Records from a data collection
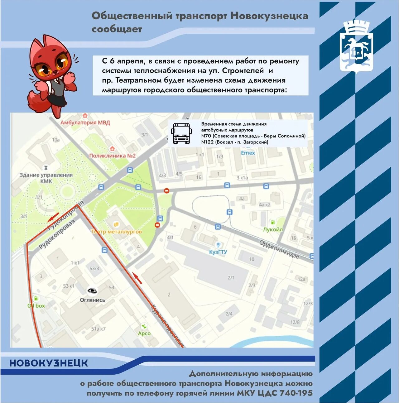 • №122 и №70 в прямом направлении будут следовать через проспект Курако на улицу Рудокопровую. Временная остановка – "Площадь Побед".
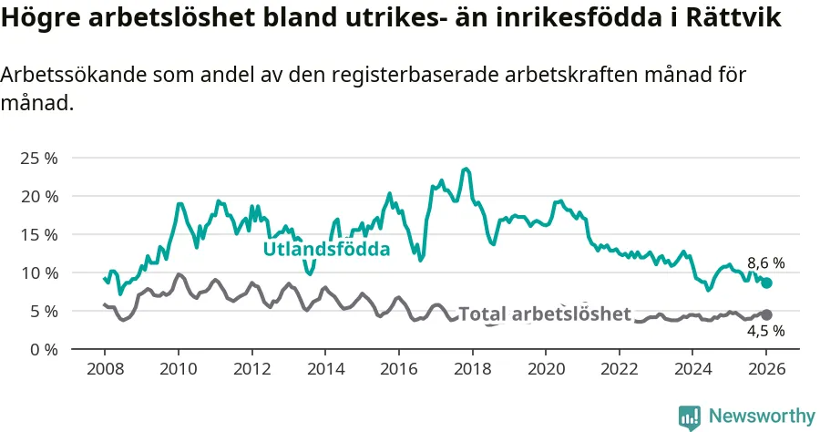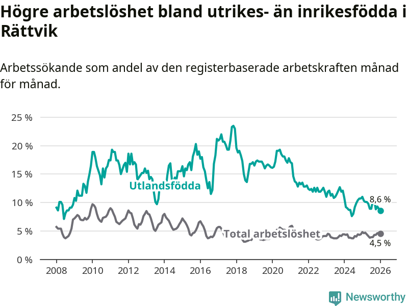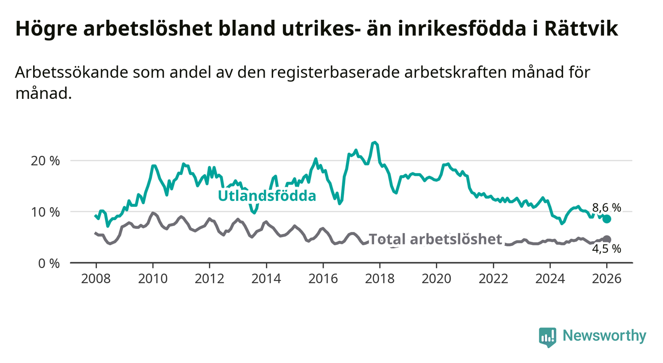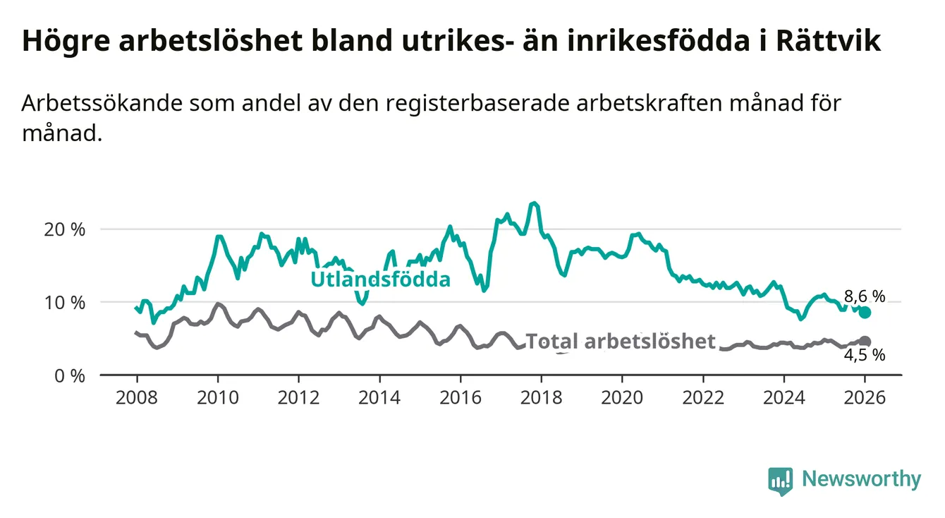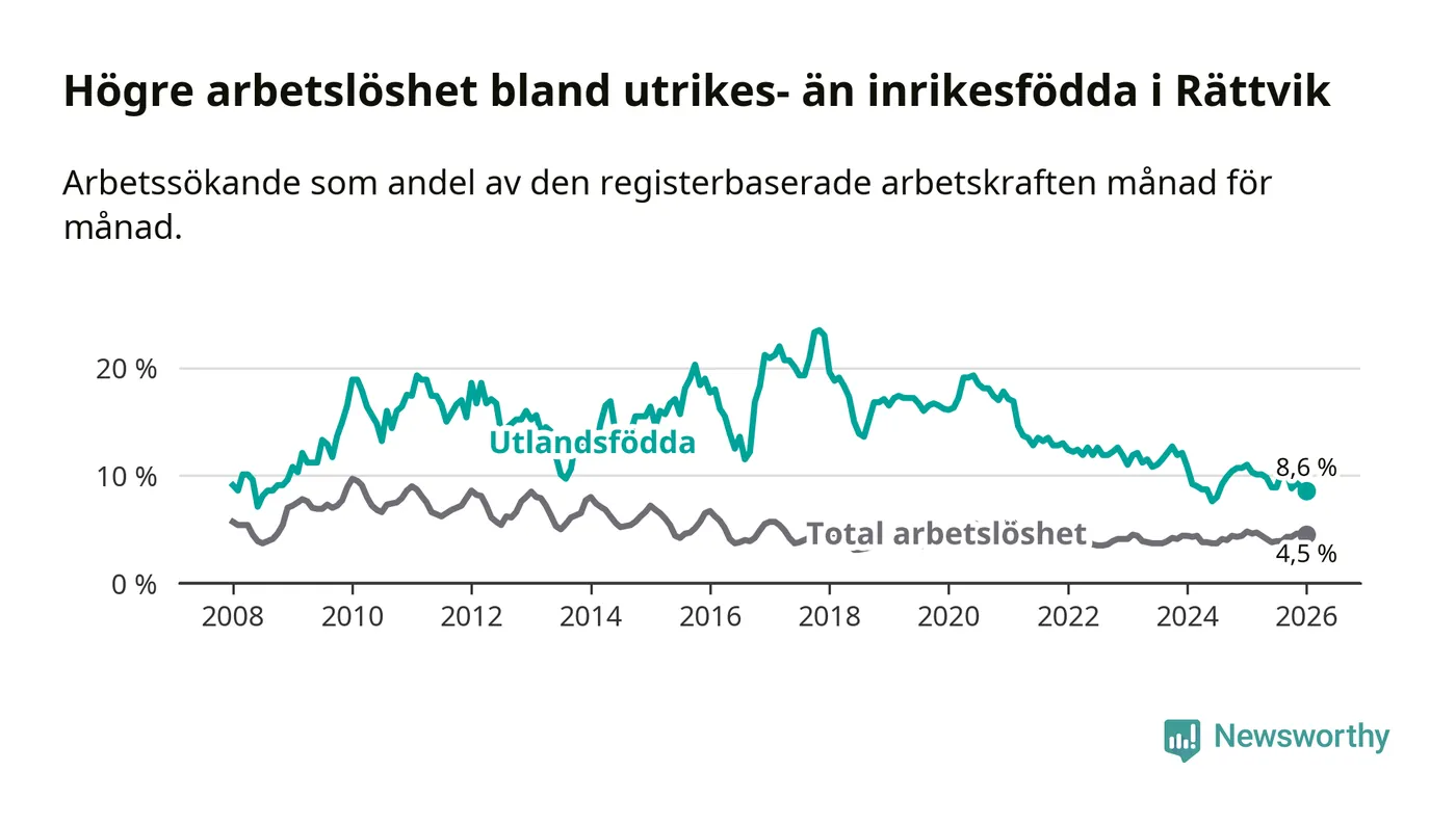 | Bland utlandsfödda | 8,6 % | −2,4 % ▼ | 13,7 % | −2,4 % ▼ | 14,3 % | −1,5 % ▼ |
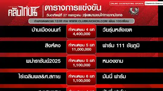 โปรแกรมไก่ชน 27 กรกฏาคม 68 สนามชนไก่ทายาทมังกร
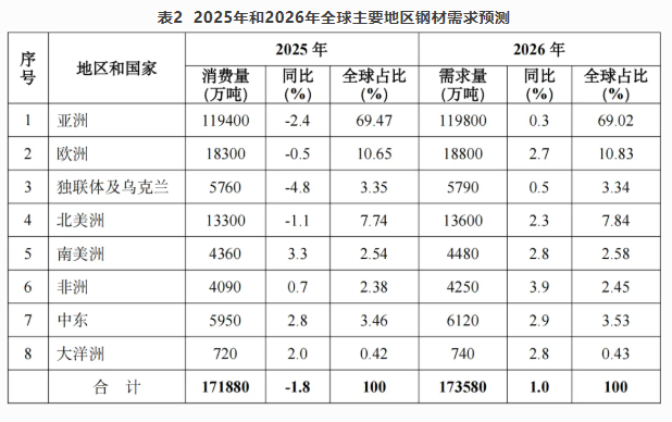 根據(jù)對全球及各地區(qū)經(jīng)濟(jì)發(fā)展與鋼材需求量分析,預(yù)計(jì)2025年全球鋼材消費(fèi)量為17.19億噸,同比下降1.8%;預(yù)測2026年全球鋼材需求量為17.36億噸,同比增長1.0%。2025年和2026年全球主要地區(qū)鋼材需求預(yù)測見表2。
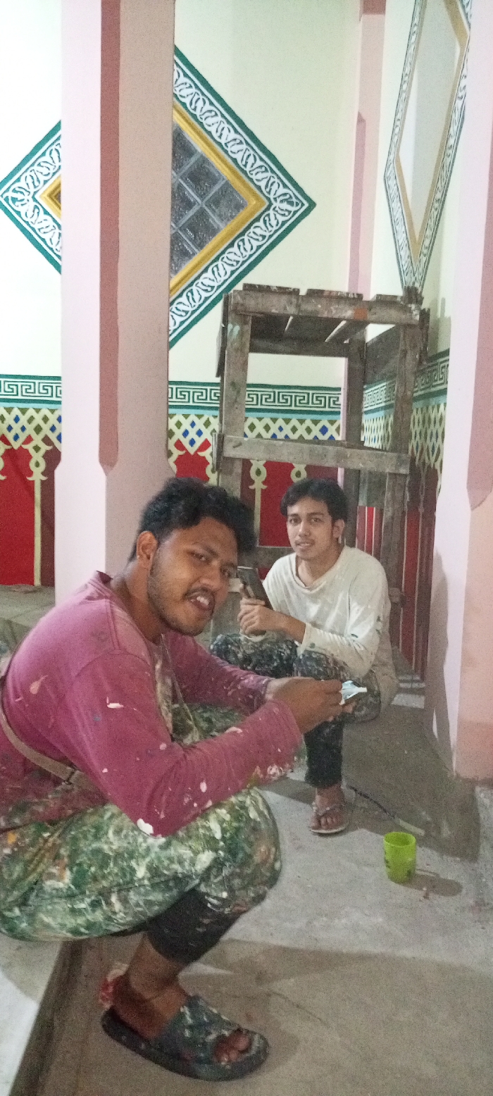 Two painters are taking a break in a hallway. The man on the left is squatting, wearing paint-splattered clothing and slides. The man on the right is seated, holding a phone. Behind them, scaffolding stands against a wall with decorative designs and a window. Pillars painted in light pink frame the scene. A green cup sits on the floor.
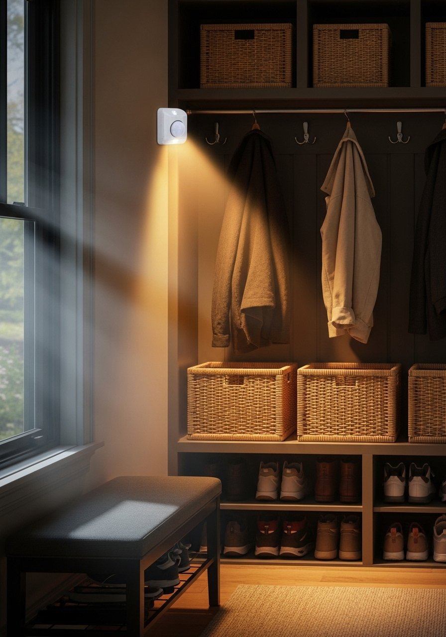 I installed a motion sensor puck in my mudroom closet and never fumble with a switch again. Great for mudrooms, coat closets, and pantries. Budget is $20 to $45. Photos sell the convenience. In small closets pick a sensor with a short delay. A common mistake is placing the sensor behind hanging clothes where it cannot see motion. I used this motion sensor closet light that mounted cleanly on a shelf.
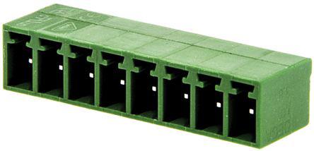 This is 3.81mm Pitch Straight PCB Terminal Strip PCB Header Through Hole 8 Way manufactured by RS Pro. The manufacturer part number is 790-0890. The product has a current rating of 10a. The product is available in through hole configuration. Moreover, the product has a nominal 300 v voltage rating. In addition, male is the available "Gender" of the product. It has a decent green colour. The product is made from highly stable and reliable polyamide. Its accurate length is 30.48mm. It allows push in termination method. Furthermore, the product is 9.2mm wide. The product comes in 6.9mm depth. It comes in 1 of rows. Moreover, the product is 3.81mm. The product contains 8 contacts. It comes in pcb header configuration. It has straight body orientation.
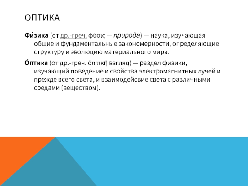 О́птика (от др.-греч. ὀπτική взгляд) — раздел физики, изучающий поведение и свойства электромагнитных лучей и прежде всего света, и взаимодейсвие света с различными средами (веществом).
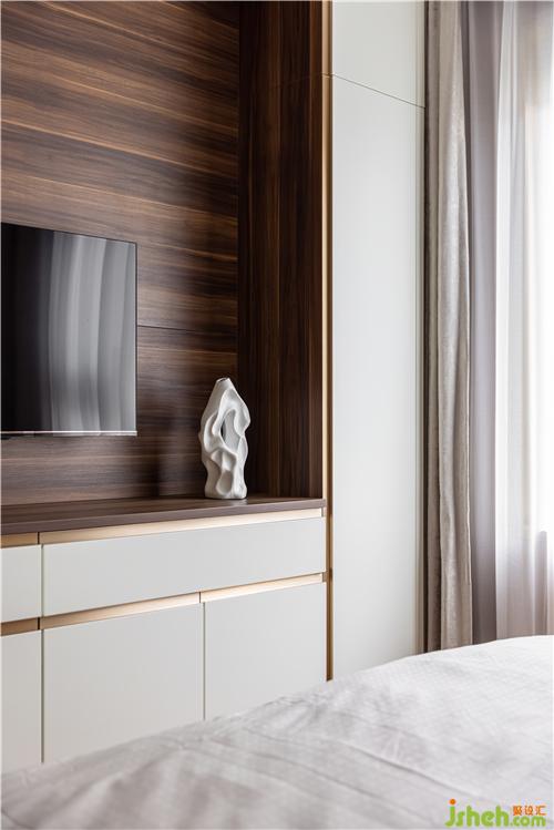 臥室的護(hù)墻部分做了改色處理,為空間注入色彩,打破乏味.
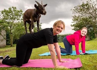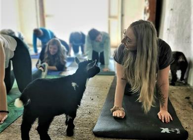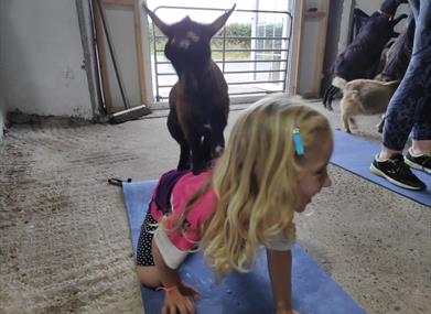 Our Pygmy and Nigerian goats are very friendly and just love taking part in yoga classes. They are very nimble and, if you're happy to experience it, will happily clamber up on your back in the midst of your yoga moves.
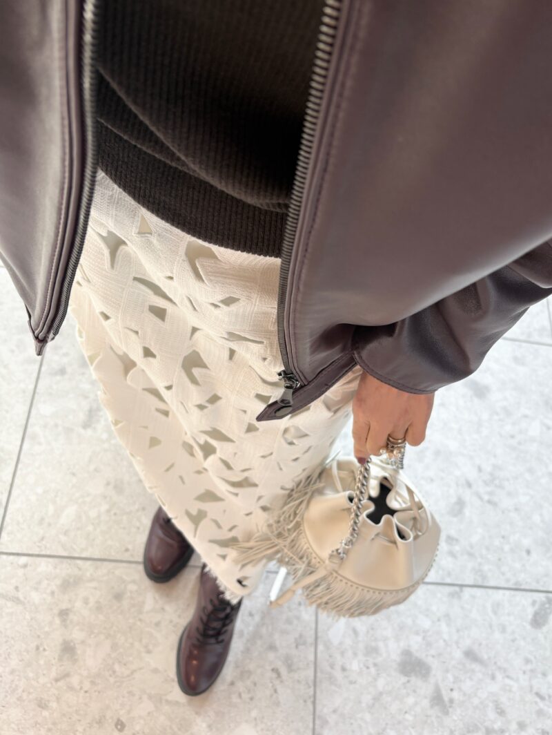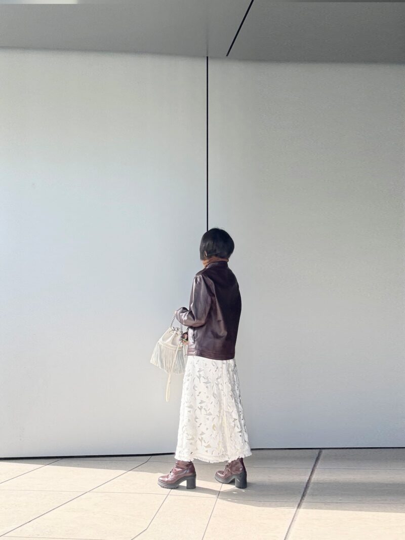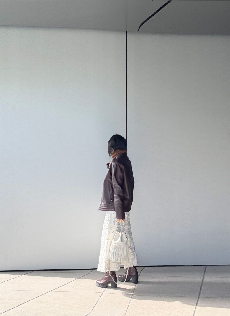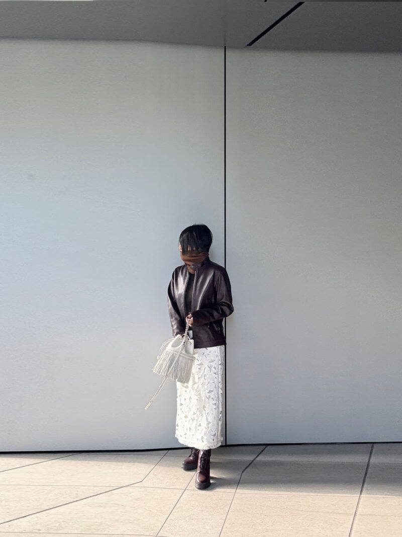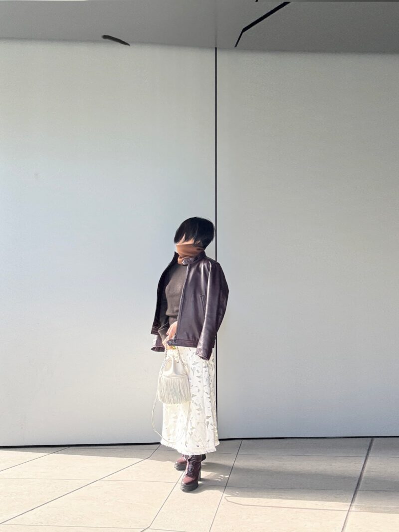 レース編みのスカートと革ジャン! 大人の甘辛MIXコーデ

TASK GOAL:
Set down again, word for word, every line from the one with "โปรแกรมไก่ชน 27 กรกฏาคม" to the one with "根據(jù)對全球及各地區(qū)經(j" in the entries above, and omit the pictures.

RESPONSE BELOW:
 โปรแกรมไก่ชน 27 กรกฏาคม 68 สนามชนไก่ทายาทมังกร
 根據(jù)對全球及各地區(qū)經(jīng)濟(jì)發(fā)展與鋼材需求量分析,預(yù)計(jì)2025年全球鋼材消費(fèi)量為17.19億噸,同比下降1.8%;預(yù)測2026年全球鋼材需求量為17.36億噸,同比增長1.0%。2025年和2026年全球主要地區(qū)鋼材需求預(yù)測見表2。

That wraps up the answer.